A plausible implication is that improving model architecture or training to privilege formal deductive knowledge over natural language pattern recognition could lead to substantial advancements in LLM program understanding. Continued benchmarking with TF-Bench_pure can thus serve as a central empirical tool in charting progress toward this goal.
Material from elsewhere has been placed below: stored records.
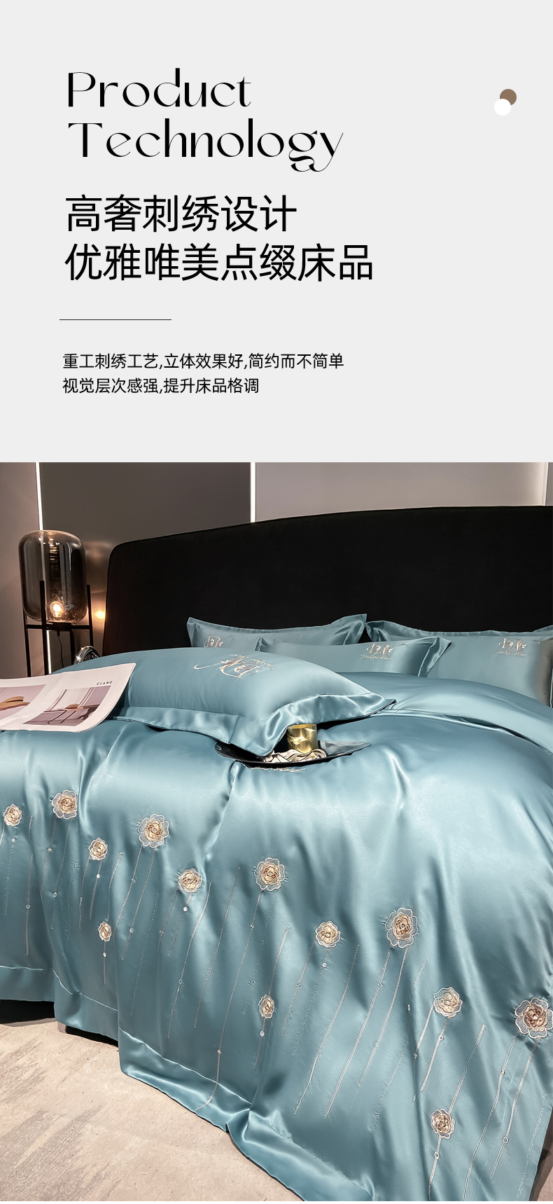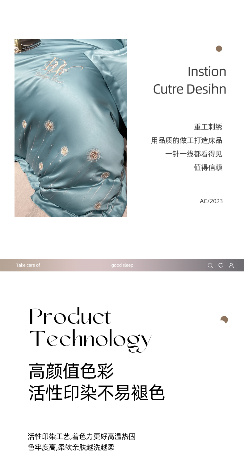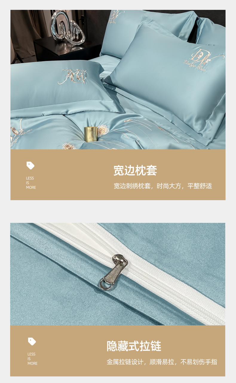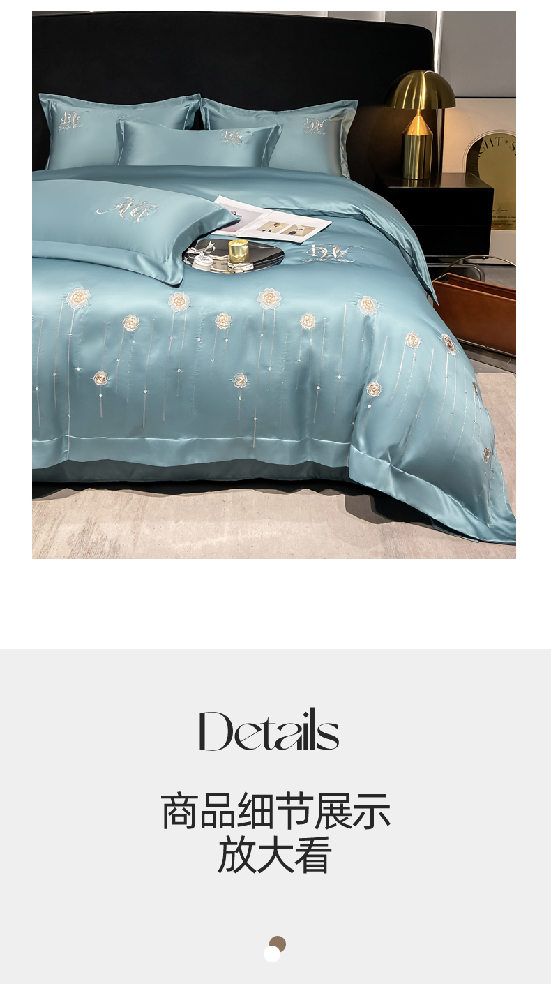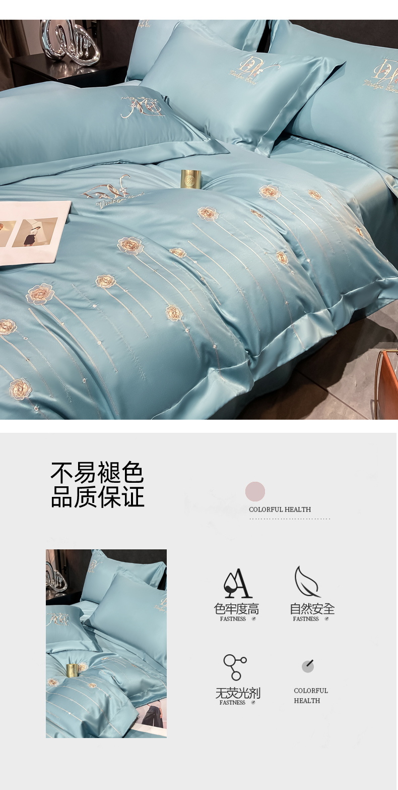商品名称:欧冠家纺 2024新款水洗真丝绣花爱媛四件套 爱媛-星月蓝
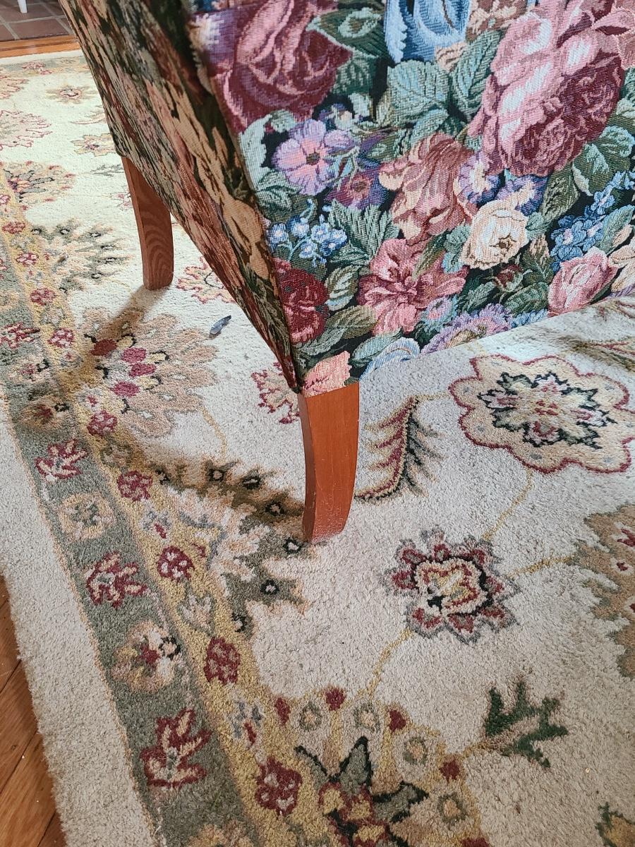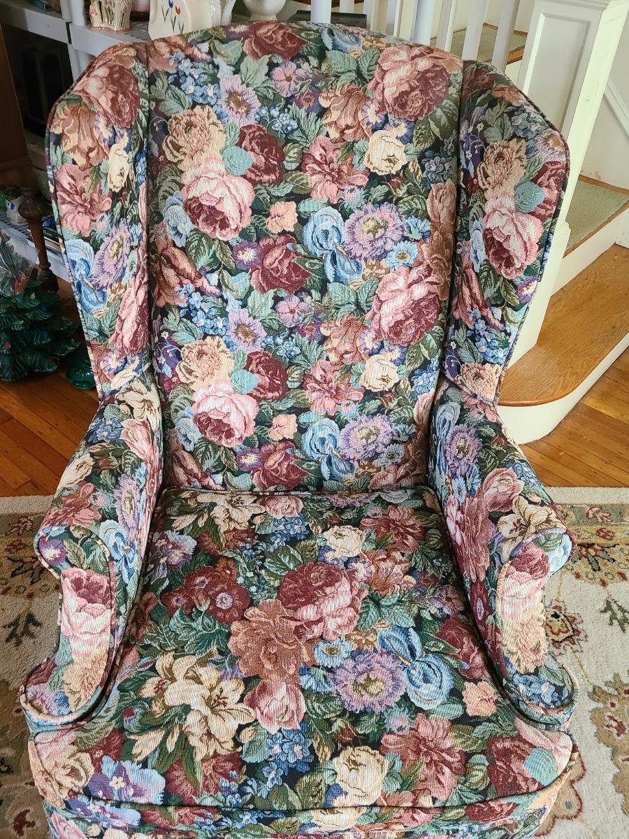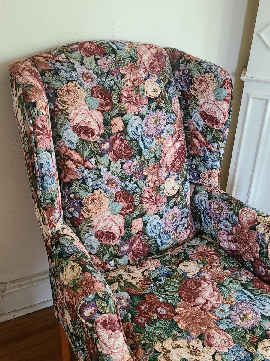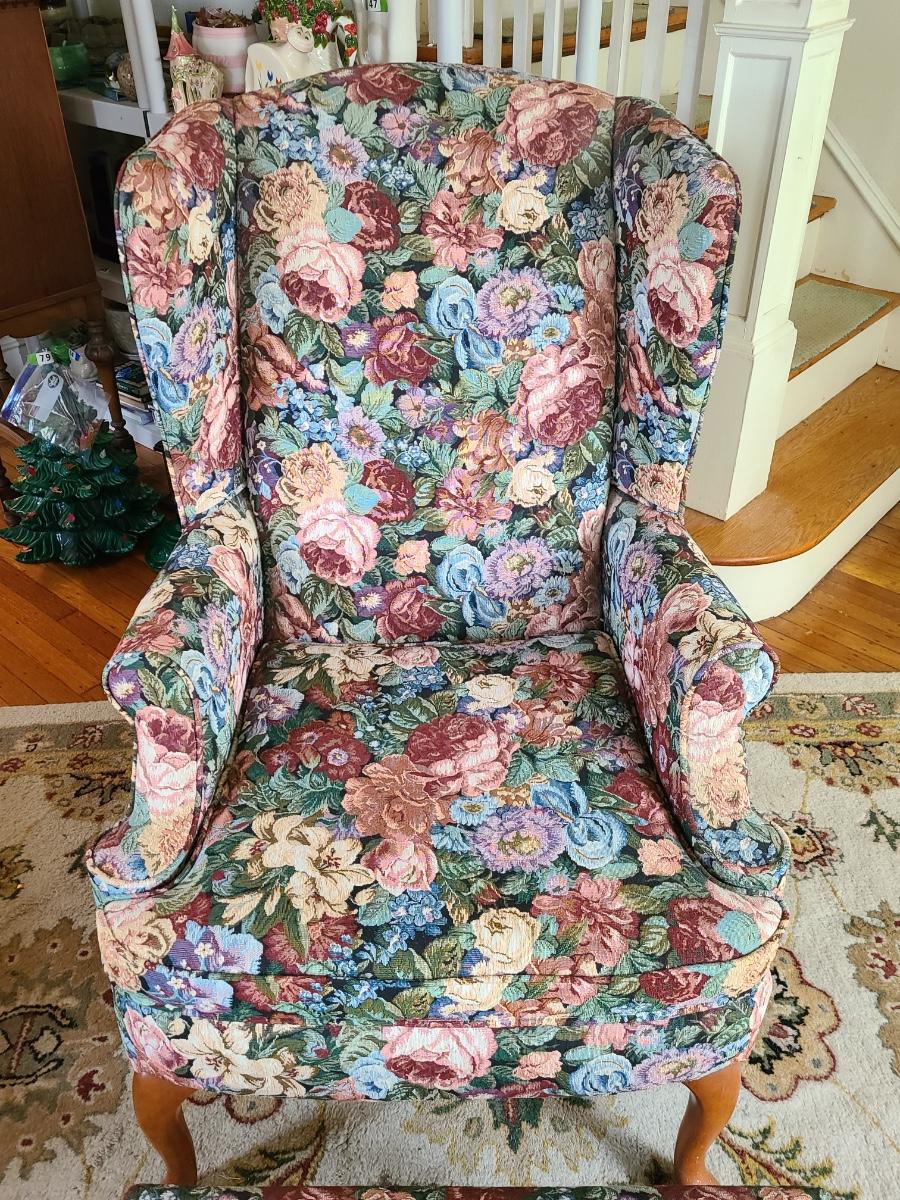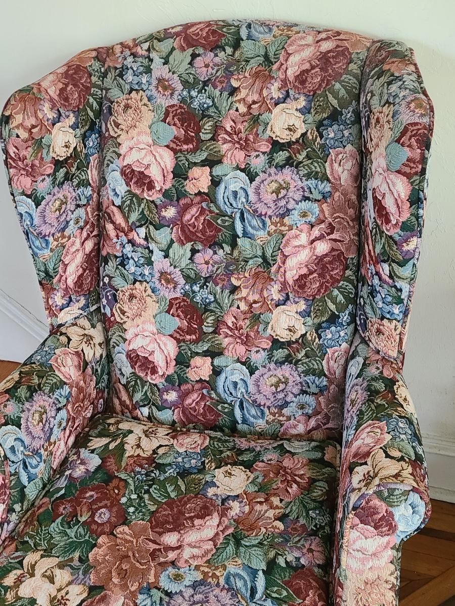 This is a lovely clean, comfortable chair with ottoman, but the chair had a back leg replaced. Hard to notice. Please see all pictures as they are the best representation of the items. The pictures show condition, measurements if taken, and what is included in the lot. Due to the large amount that we photograph and the time frame, we are not always able to take measurements. All items unless noted, are pre-owned and have been used. If you purchased furniture, you must bring help. We do not allow one person to carry large furniture out on their own. Bring help, tools and a truck for the safety of our client’s homes, and your personal safety. Any damages that result to the property including walls, and floors due to moving of the furniture will be charged to the buyer. Company policy. Thank you.
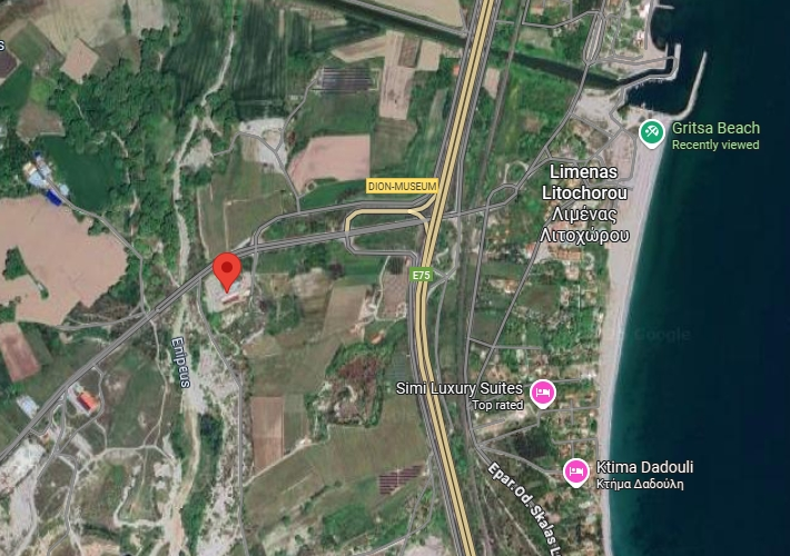 Βιοτεχνικός χώρος ισογείου 1.447 τ.μ. με κλίβανο 632,50 τ.μ., στεγνωτήριο 632,50 τ.μ., αποθήκη 152,25 τ.μ. και γραφείο 29,75 τ.μ., σε αγροτεμάχιο 10.132 τ.μ. στην Επαρχιακή οδό Λιτοχώρου-Δίου, Λιτόχωρο. Χρήζει επισκευής. Κοντά στην Εθνική Οδό Αθηνών-Θεσσαλονίκης.
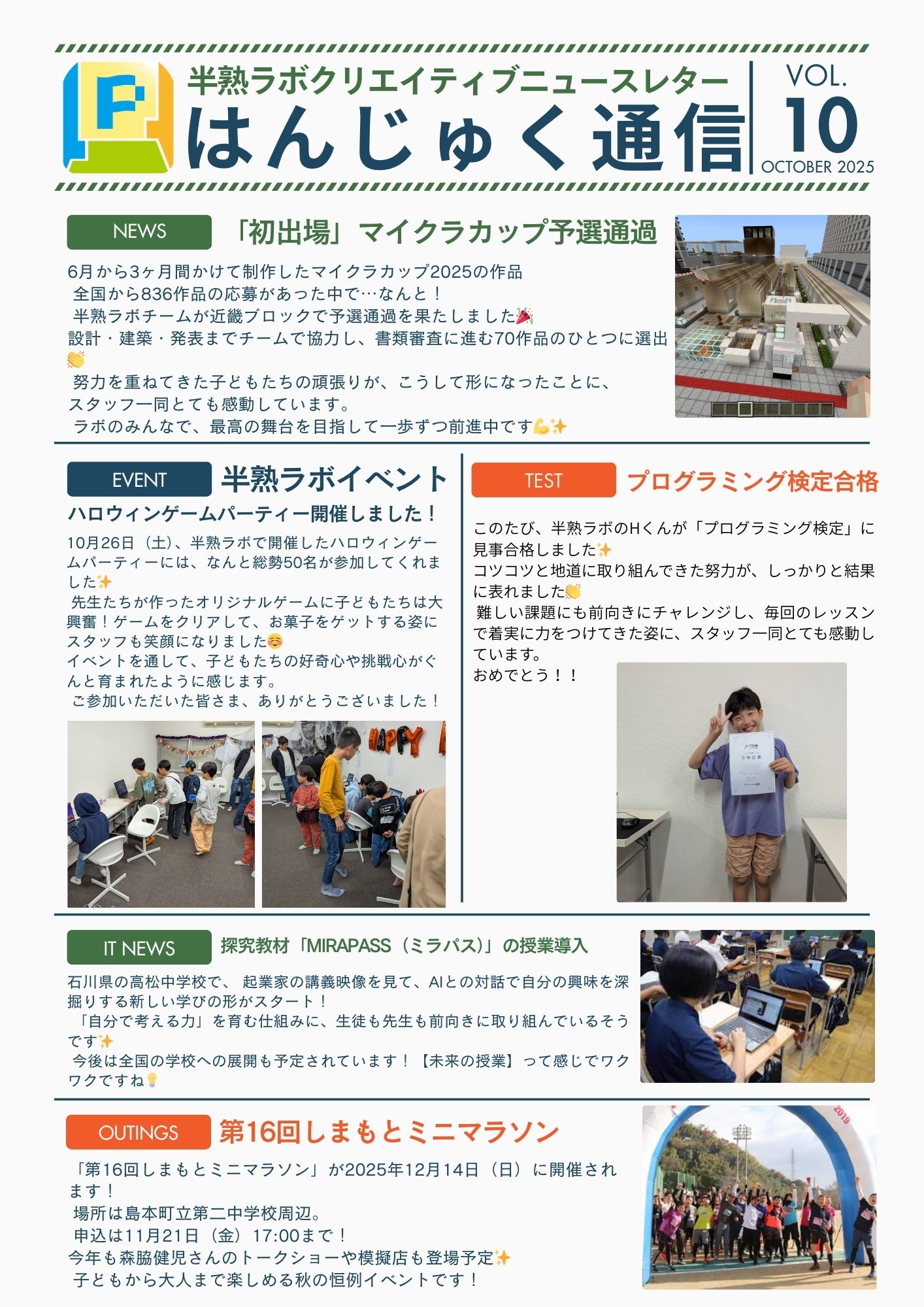 子どもたちの熱い挑戦と笑顔いっぱいの10月の様子をまとめた「はんじゅく通信10月号」を公開しました✨

TF-Bench_pure situates itself within a lineage of formal methods-driven benchmarks. By focusing on System F type inference and leveraging Haskell’s well-defined type system, the benchmark adheres to the rigorous logical foundations often discussed in programming semantics and type theory literature. Its methodology is informed by principles of task closure (ensuring all dependencies available), operational semantics preservation under transformation, and evaluation against oracle type signatures produced in formal systems.

The benchmark's empirical insights parallel themes in equivariant homotopy theory and arithmetic geometry (cf. (Sulyma, 2022)), wherein the distinction between structural and superficial properties is foundational. Analogous challenges appear in the computation of graded invariants (such as $\mathrm{TF}_\bigstar$ for perfectoid rings) and in the separation of module-theoretic consequences from external, language-induced artifacts.

TF-Bench_pure thus both reflects and contributes to ongoing efforts to rigorously assess and enhance semantic reasoning in computational models, standing as an important reference point in the evaluation and development of next-generation software intelligence systems.